WHAT YOU HAVE TO DO: Make an exact copy, from the records below, of the lines from the line containing "Дешевая оправа, изображение" to the line containing "Das Teamoffice haben", both lines included, excluding pictures.

Stored items
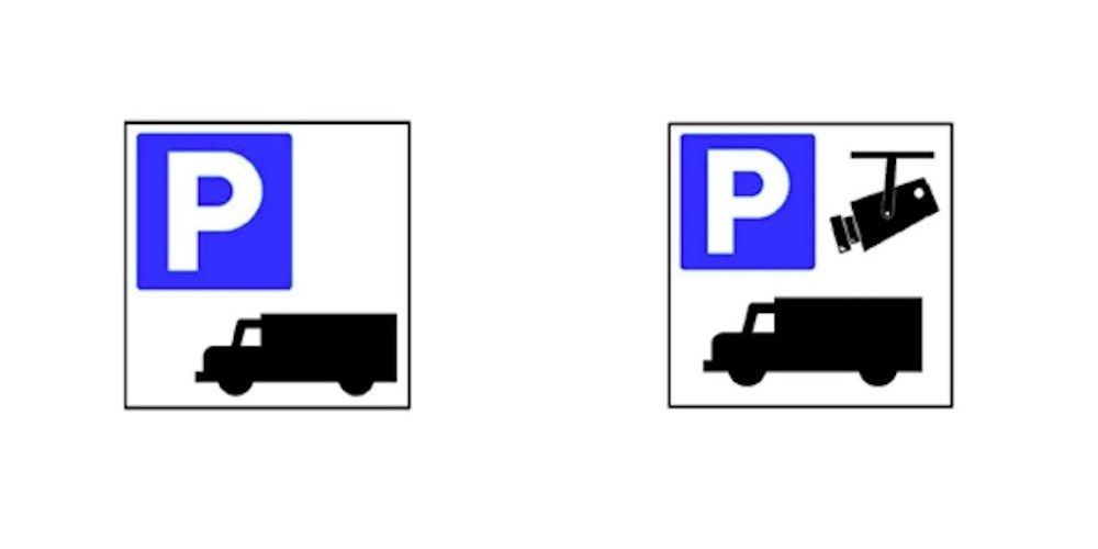 En particular, y por lo que respecta al transporte por carretera, Transportes ha desarrollado señales informativas cuadradas para indicar zonas de descanso y zonas de estacionamiento seguro y protegido para camione, de formato cuadrado y fondo blanco en el que destaca la señal de aparcamiento y un pictograma de un vehículo pesado, que en el caso de los vigilados también incorpora el dibujo de una cámara.
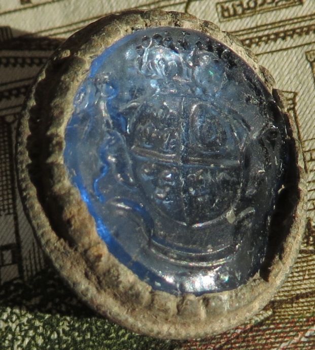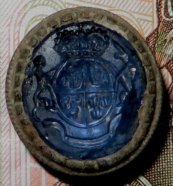 Дешевая оправа, изображение на стекле - не резаное, а похоже оттиснутое по матрице (нечеткое) - кндь вариация на тему реального герба (т.е. псевдогеральдика)
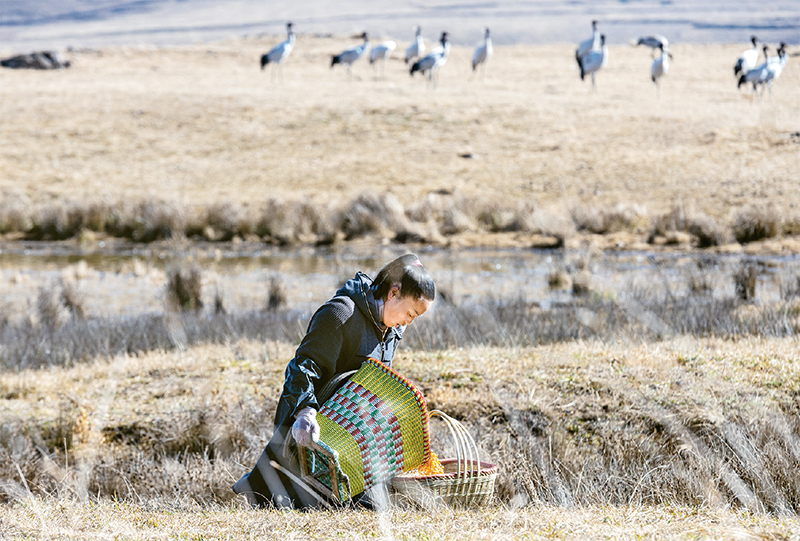 近年來,云南大山包黑頸鶴國家級(jí)自然保護(hù)區(qū)積極實(shí)施濕地保護(hù)與恢復(fù)、濕地生態(tài)效益補(bǔ)償、食物源基地建設(shè)等管護(hù)措施,使這里逐漸成為黑頸鶴在云貴高原上最重要的越冬棲息地和遷徙中轉(zhuǎn)站。圖為2022年12月11日,志愿護(hù)鶴員在大山包黑頸鶴國家級(jí)自然保護(hù)區(qū)準(zhǔn)備給黑頸鶴投食。 新華社記者 曹夢(mèng)瑤/攝
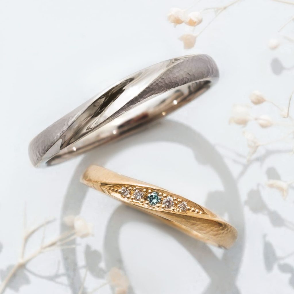 細かい槌目模様が特徴の結婚指輪をオーダーいただきましたのでご紹介いたします。
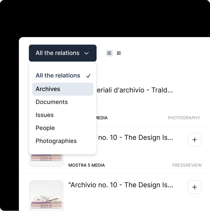 ARCHIVIO.COM does not just catalog documents or images, but preserves contexts, relationships, inspirations, and meanings. Everything that brings memory to life and shapes identity.
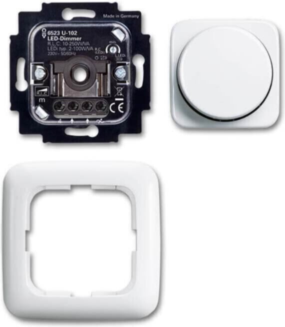 Bestehend aus Busch-LED-Drehdimmer 6523 U-102. Bestehend aus Zentralscheibe mit Drehknopf 2115-214. Bestehend aus Reflex SI-Abdeckrahmen, 1-fach 2511-214. : Reflex SI : Reflex SI
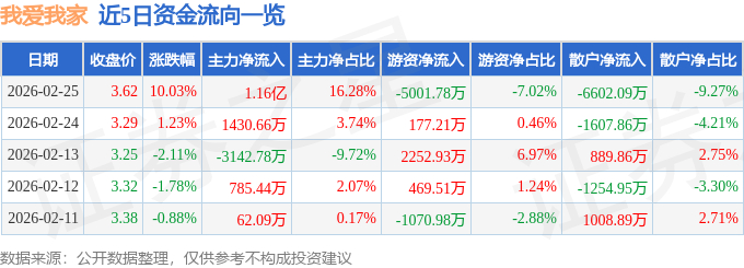 证券之星消息,我爱我家2月25日涨停收盘,收盘价3.62元。该股于10点16分涨停,未打开涨停,截止收盘封单资金为8297.11万元,占其流通市值1.02%。
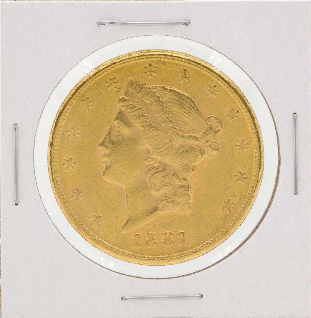 One 1881-S $20 Liberty Head Double Eagle Gold Coin.
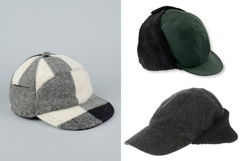 順時(shí)針, 左起: Opening Ceremony 伐木工人棒球帽, $143; L.L. Bean 監(jiān)獄看守帽, $45; J. Crew羊毛棒球帽, $58.
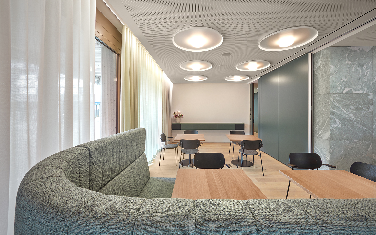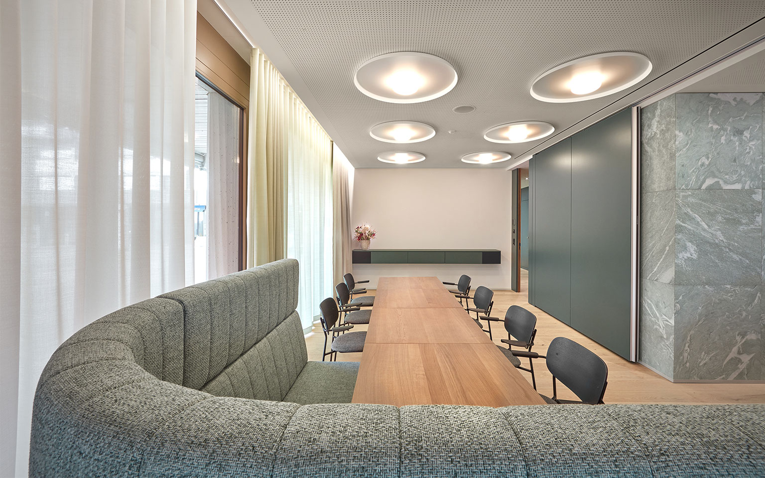 Das Teamoffice haben wir visuell und dennoch diskret mit der Kundenzone verbunden und bei der Materialauswahl auf Qualität und Ästhetik geachtet.
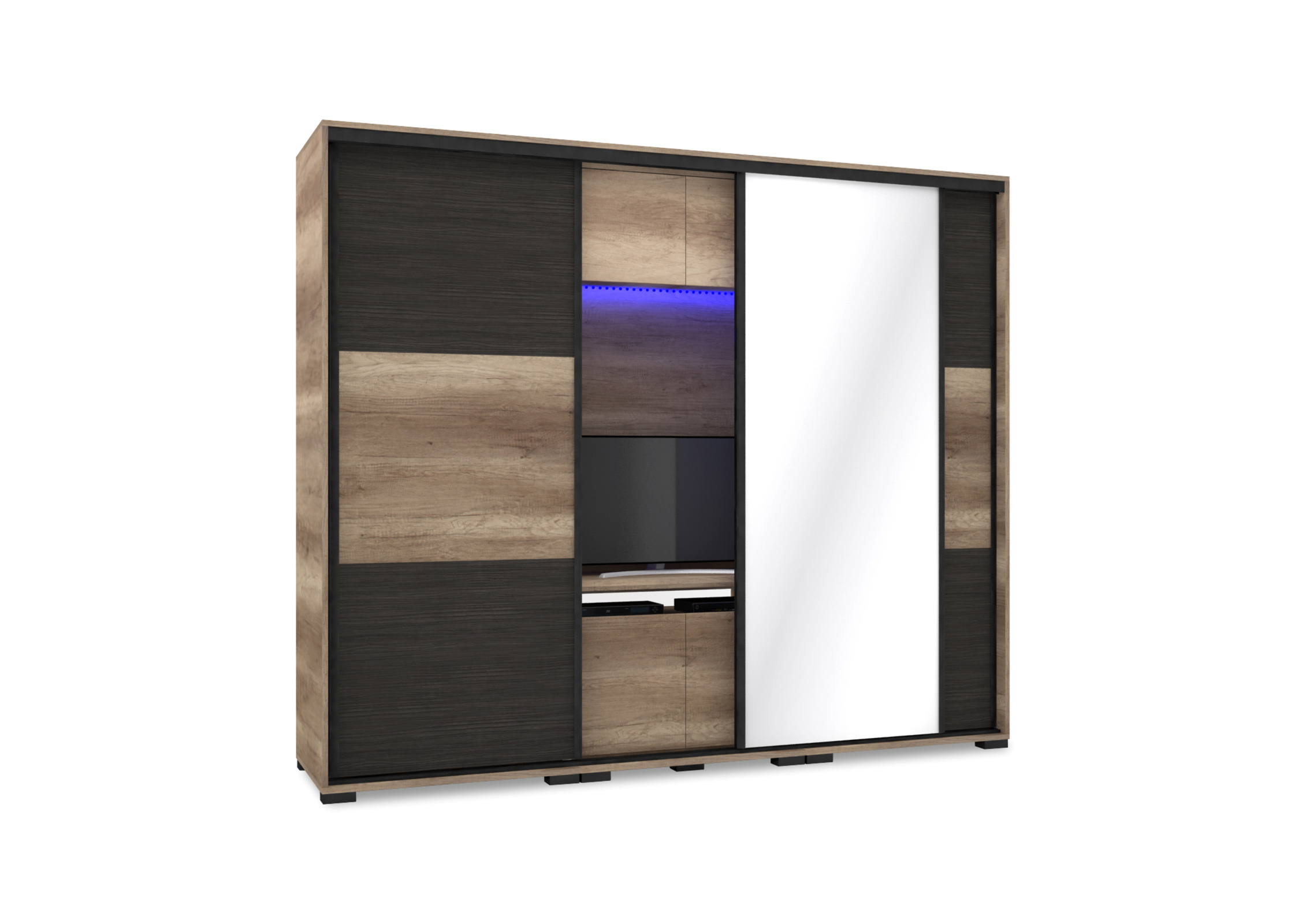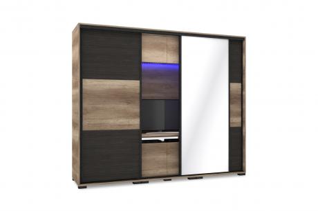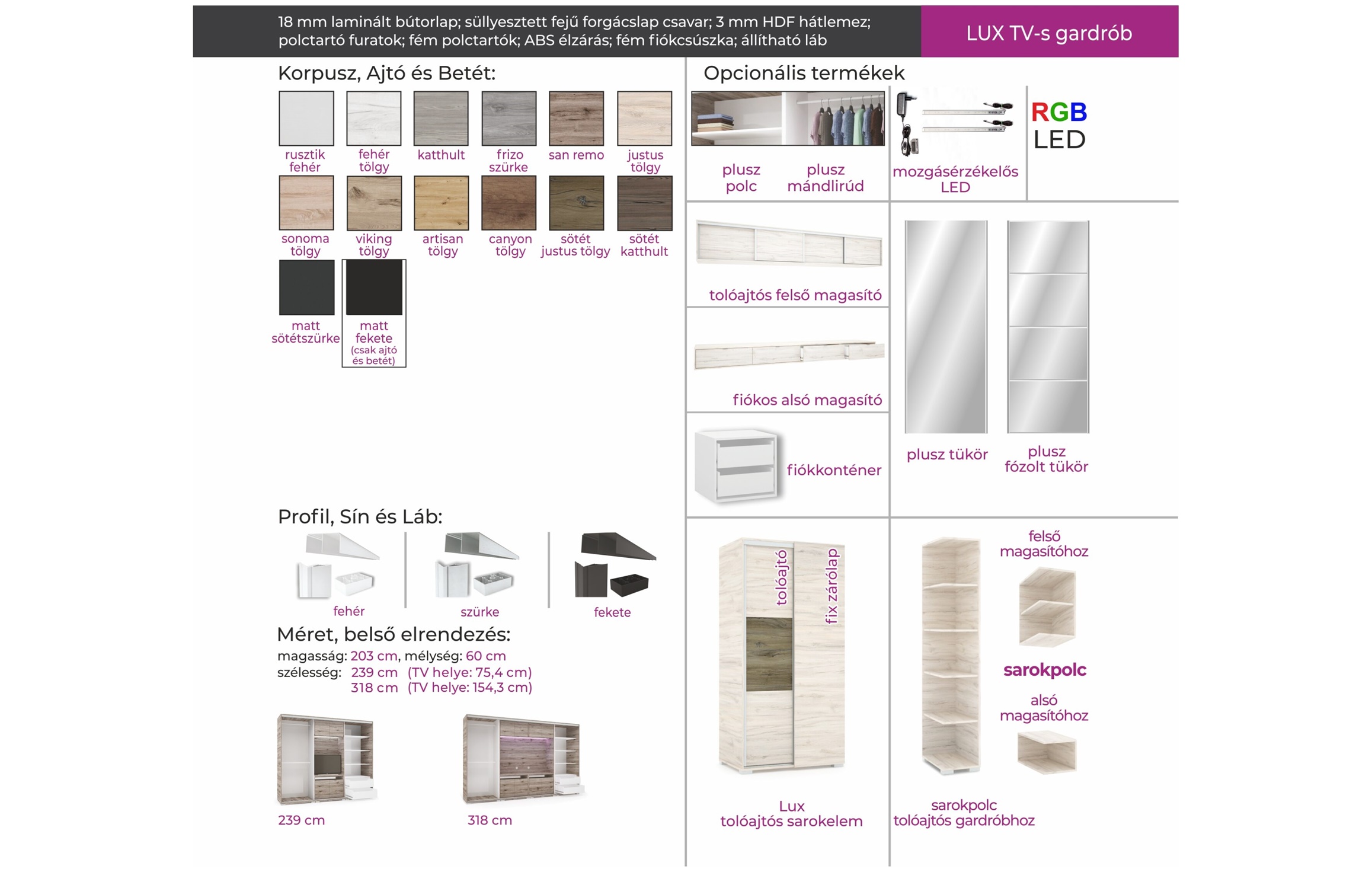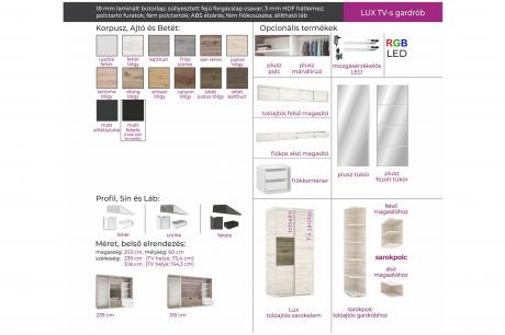 A Lux TV-s gardrób egyedisége abban rejlik, hogy a szekrény belső elrendezése nemcsak ruhák tárolását teszik lehetővé, hiszen a két ruhás elem között egy TV-s box került kialakításra. A gardrób egyik nagy előnye, hogy bútorlapos tolóajtaja nagyon jól variálható, hiszen 14 korpusz, 16 ajtó és 16 betét szín közül lehet kiválasztani a számunkra legideálisabb színösszeállítást. Az esztétikus és elegáns megjelenés mellett a tárolási kapacitás sem elhanyagolható: jól pakolhatóság jellemzi a bútort a fiókos, polcos és ruhaakasztós kialakításnak köszönhetően. A gardrób kizárólag 239 cm vagy 318 cm széles változatban rendelhető, figyelembe véve az adott TV és a szoba méretét. A 239 cm-es méretben 1 tükrös ajtóval készül, melyet az alapár tartalmaz.

RESULT:
 Дешевая оправа, изображение на стекле - не резаное, а похоже оттиснутое по матрице (нечеткое) - кндь вариация на тему реального герба (т.е. псевдогеральдика)
 近年來,云南大山包黑頸鶴國家級(jí)自然保護(hù)區(qū)積極實(shí)施濕地保護(hù)與恢復(fù)、濕地生態(tài)效益補(bǔ)償、食物源基地建設(shè)等管護(hù)措施,使這里逐漸成為黑頸鶴在云貴高原上最重要的越冬棲息地和遷徙中轉(zhuǎn)站。圖為2022年12月11日,志愿護(hù)鶴員在大山包黑頸鶴國家級(jí)自然保護(hù)區(qū)準(zhǔn)備給黑頸鶴投食。 新華社記者 曹夢(mèng)瑤/攝
 細かい槌目模様が特徴の結婚指輪をオーダーいただきましたのでご紹介いたします。
 ARCHIVIO.COM does not just catalog documents or images, but preserves contexts, relationships, inspirations, and meanings. Everything that brings memory to life and shapes identity.
 Bestehend aus Busch-LED-Drehdimmer 6523 U-102. Bestehend aus Zentralscheibe mit Drehknopf 2115-214. Bestehend aus Reflex SI-Abdeckrahmen, 1-fach 2511-214. : Reflex SI : Reflex SI
 证券之星消息,我爱我家2月25日涨停收盘,收盘价3.62元。该股于10点16分涨停,未打开涨停,截止收盘封单资金为8297.11万元,占其流通市值1.02%。
 One 1881-S $20 Liberty Head Double Eagle Gold Coin.
 順時(shí)針, 左起: Opening Ceremony 伐木工人棒球帽, $143; L.L. Bean 監(jiān)獄看守帽, $45; J. Crew羊毛棒球帽, $58.
 Das Teamoffice haben wir visuell und dennoch diskret mit der Kundenzone verbunden und bei der Materialauswahl auf Qualität und Ästhetik geachtet.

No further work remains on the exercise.